Its collapse has become the poster child of the Great Recession, but has anyone in finance and real estate learned anything? Ten years after the Lehman collapse, Bisnow reached out to an array of industry players to get their take on if its demise should have been predicted, whether it should have been saved, what — if anything — has changed and if something like it could ever happen again. 

 

Keith Breslauer — Patron Capital Partners Managing Director and Senior Partner, London

Bisnow: What was the climate like at the time of Lehman’s collapse?

I left Lehman 10 years before its collapse. As to the industry, the idea of confidence is a big deal. These firms historically operated with a large level of leverage. Confidence sells. I personally thought Lehman was the best firm I ever worked for. It had fantastic bosses and management, and I worked with great people. It was just an amazing firm. It had its challenges, as do all firms. 
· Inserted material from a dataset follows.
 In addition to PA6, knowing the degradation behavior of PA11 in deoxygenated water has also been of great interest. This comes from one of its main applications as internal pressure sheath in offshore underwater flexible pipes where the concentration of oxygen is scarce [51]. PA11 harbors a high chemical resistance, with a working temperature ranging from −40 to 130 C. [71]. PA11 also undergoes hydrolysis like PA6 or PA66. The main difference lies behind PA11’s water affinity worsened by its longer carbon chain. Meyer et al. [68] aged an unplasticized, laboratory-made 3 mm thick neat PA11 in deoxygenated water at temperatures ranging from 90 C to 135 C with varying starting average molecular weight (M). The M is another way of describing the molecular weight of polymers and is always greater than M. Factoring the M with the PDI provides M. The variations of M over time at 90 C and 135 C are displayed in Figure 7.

It had a certain type of individual. I believe our culture at Patron is where everyone is intellectually curious. It doesn’t matter where you come from or what you look like, and that’s what Lehman was like. It was really about how hard you were going to work, how smart you were, and if you’d explore new opportunities.

Bisnow: Did you ever anticipate something like that could occur?
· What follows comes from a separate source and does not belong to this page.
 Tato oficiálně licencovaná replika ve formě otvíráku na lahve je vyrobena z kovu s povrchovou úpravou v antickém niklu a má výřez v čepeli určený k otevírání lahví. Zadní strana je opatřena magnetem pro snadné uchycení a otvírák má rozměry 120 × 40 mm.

I was disconnected from the firm for many years. What ultimately happened was I had a lot of shares I got from when I worked there, was pleased to get them, and I never sold them. When the stock started to drop in value, I got calls to see what I thought, and I never thought it would fail. I figured the government would force a bailout.
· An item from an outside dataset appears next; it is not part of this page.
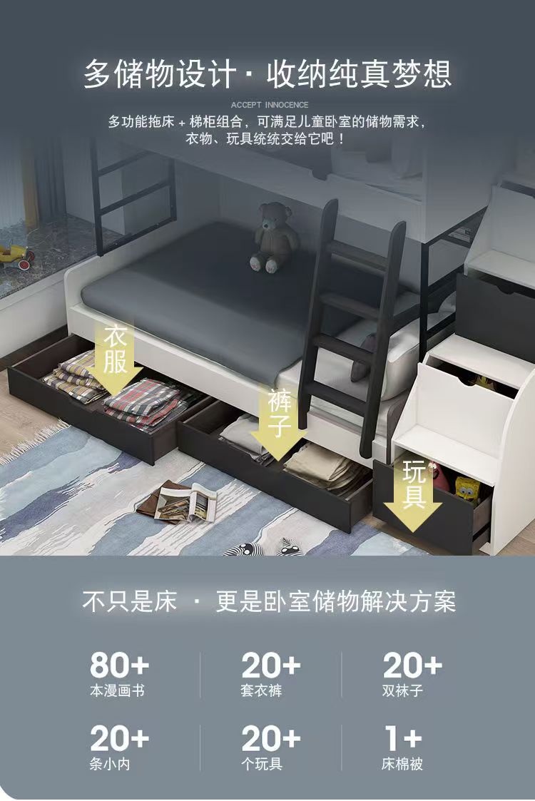 • 높고 낮은 침대 + 사다리 캐비닛 + 트레일러 침대 + 매트리스

Other times banks had near-death experiences, someone stepped in. What I thought would happen is I’d own shares in another bank. 

Bisnow: Should or could Lehman have been saved?

It absolutely could have been saved. It was easy to save it. We saved Fannie Mae and so many groups, so, to me, Lehman could have been, too. 

Bisnow: How have things changed?

The issue Lehman had and all investment banks had was, at that time, most of these investment banks became large principal investors. From a regulatory perspective, they were taking on the wrong kind of risk to allow capital to flow. Hedge funds have really become that principal capital. Many who run those are the traders of these big firms. In many ways, you can argue from a risk perspective, it’s a better deal for the world.

From a capital perspective, the post-Long-Term Capital Management reaction by developing markets focusing on saving and the emergence of a middle class in China and India has brought a lot of money into the savings system that needed to be invested. In many ways, the system has evolved because there are now a ton of investors out there willing to invest. 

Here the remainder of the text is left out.